Una linea guida scritta nero su bianco.
E invece — puff — cancellata con una circolare secca, pubblicata il oggi, a meno di una settimana dal confronto con i sindacati.
Giuseppe La Fortuna (USMIA) lo dice senza troppi giri di parole:
“Sapevo che sarebbe finita così, ma non immaginavo la partorissero così in fretta. Si era appena accennato alla possibilità di scendere da 15 a 7 giorni. Ed eccola, nera su bianco.”
E prosegue:
“Sappiamo bene che la programmazione veniva spesso ignorata, specie dove i servizi cambiano di sera per il giorno dopo. Ma almeno una base c’era, soprattutto per gli H24. Ora nemmeno quella.”

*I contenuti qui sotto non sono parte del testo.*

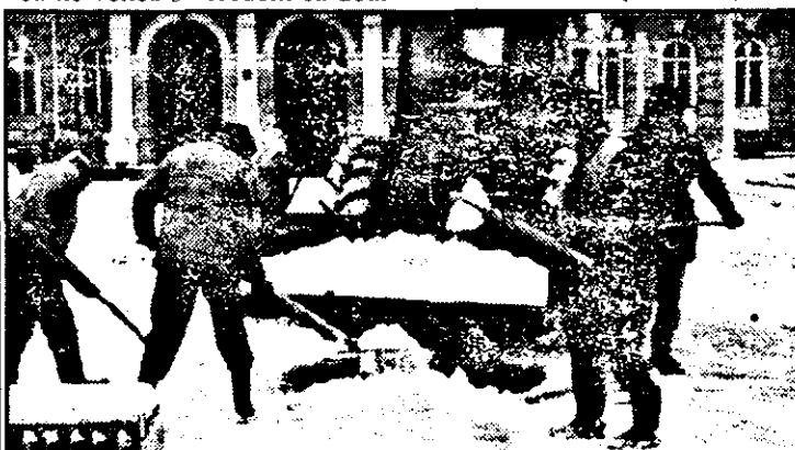
Ieri, Comandamentul pentru deszăpezire acționa doar în fața Primăriei. În rest, domnea un peisaj arctic. De va continua să ningă în același ritm, vom ajunge să circulăm prin tunele săpate prin nămeți!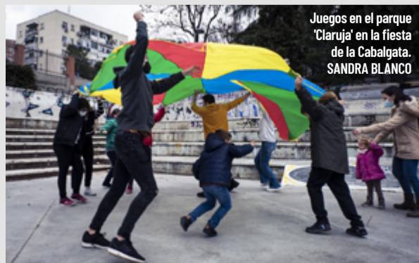
Juegos en el parque 'Claruja' en la fiesta de la Cabalgata. SANDRA BLANCO

Como es habitual, la coordinadora de la Cabalgata Participativa de Hortaleza está preparando diferentes actos festivos para que la ilusión por la llegada de los Reyes Magos de Oriente a nuestro distrito se disfrute desde semanas antes al 5 de enero.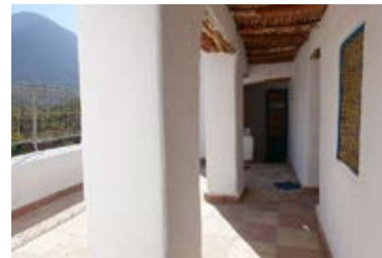
La maison achetée par AAA en 2017 (avant la construction du toit du premier étage)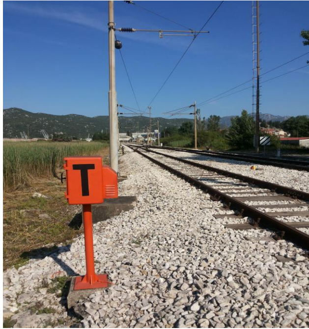
Slika 7. Telefonski ormarić u kolodvoru Ploče

Prenosnim radio-uređajem Motorola GP 340 sa rezervnom baterijom zaduženi su: šef kolodvora, prometnik vlakova kolodvorske postavnice, prometnik vlakova teretni kolodvor, skretničar na Bloku i skretničar-čuvar ŽCP-a. Razgovori obavljani preko radio-uređaja registrofonski se ne snimaju.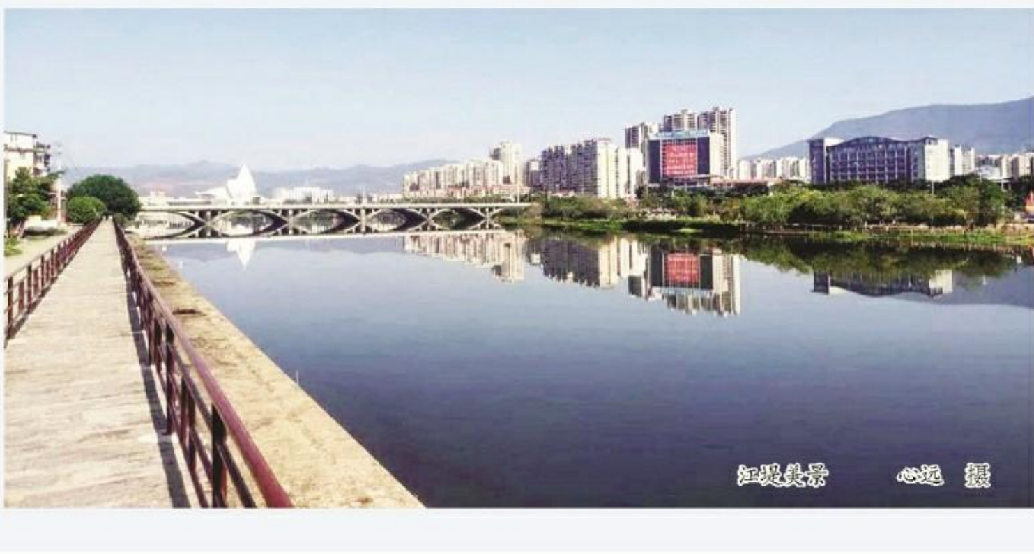
江堤美景

漫步江堤，一步步，又一步步。放眼望去——白鹭，在丛苇间翻飞，是那样地优雅，那样地翩跹；翠鸟，在簇簇苇竿中啼鸣，是那样地清脆，那样地婉转；金阳，更仿佛撒下缕缕金色的渔网，令渔排上“白胖子”的长颈鹭，不时清点着波光粼粼的闪烁河水，再昂首来“咕咕”啼着歌儿欢笑了。就是脚下的蛙鸣与虫响，更似在报暮春的到来。 可不是，野花草草，葱翠翠竹啦；还有一畦畦又一垄垄青菜哩——哪曾想到？一夜的风霜，初阳一普照，又挺起了腰杆来……我的半骨骨折心机生涯，亦如足底下这曾溃塌的堤坝，一遇优政良策，便有了安民之缘，便民之机，抚民之坝；从此，也渐渐舒坦了我的心怀，宽阔了我的精神和精神世界…… 看哪——于此凤凰花木绽放的冬末初春里，远眺高高的凤凰木花开，是那样红艳艳，那样金灿灿……回首几多逝水年华，这奇异的花木，愈是风欺霜冻，绽放得愈精神；愈是皮裂干燥，挺拔得愈得志！就是在干涸的荒漠或盐碱的沙洲，也不闻不问地生长着！再还有什么？什么能比得上她的神情、气爽与伟岸！ 漫步江堤，我一步一履地前行着。瞅着四周绿荫荫的景象，赏着眼前满目花开的盛景，闻着远近翠鸟的啼鸣，以及——许多知名与不知名，丝丝缕缕的啁啾声……几许不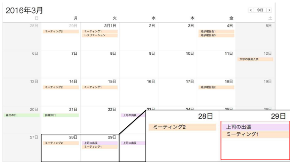
図 5 比較 2: 「カレンダー外の予定」を考慮しないダミーデータ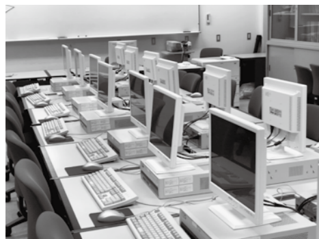
▲全世代が利用できるネット環境を

問 来年度より小中学校に端末機器が導入されるが、ICTの利用に関して情報格差が懸念される。様々な情報を検索するためにも、全世代が利用できる環境整備が必要では。 答 あらゆる方が利用できるネット環境は望ましい。災害時にも活用できる環境整備は、安全対策、設置場所、必要経費などを考慮し慎重に検討していく。 問 システムエンジニアなどを臨時で雇用し、全住民向けの講座などを行うというICTに強い町づくりに向けての考えは。

Il paradosso? – sottolinea La Fortuna – Proprio a Roma, cuore pulsante dell’Arma, si tocca con mano il fallimento organizzativo: al Provinciale la programmazione non è mai stata realmente applicata, i Comandanti di Compagnia non ne pretendono nemmeno l’istituzione, e i Carabinieri subiscono continui cambi turno — anche tre o quattro a settimana — con riposi spostati senza regole, anche due o più volte al mese.
E questo nonostante ci fosse una circolare che imponeva una programmazione quindicinale.
Figuriamoci adesso, che scende a 7 giorni.
“Non solo ci tolgono un diritto oggi, ma lo fanno vendendoci la promessa di un’indennità futura, in un contratto che – forse – vedrà la luce nel 2027. È come svendere un ombrello durante un’alluvione, con la rassicurazione che domani forse ci daranno un impermeabile. È assurdo anche solo pensarlo. I diritti non si barattano. Men che meno a credito.”
L’invito al senso di responsabilità
La circolare afferma che “è imprescindibile che le richiamate disposizioni trovino attuazione con senso di responsabilità e scrupolosa attenzione.”
Ma questo rivela più di quanto vorrebbe nascondere: significa che le regole precedenti non venivano rispettate, punto.
E non sempre per reali esigenze di servizio: spesso per disattenzione, incapacità organizzativa, indifferenza gerarchica.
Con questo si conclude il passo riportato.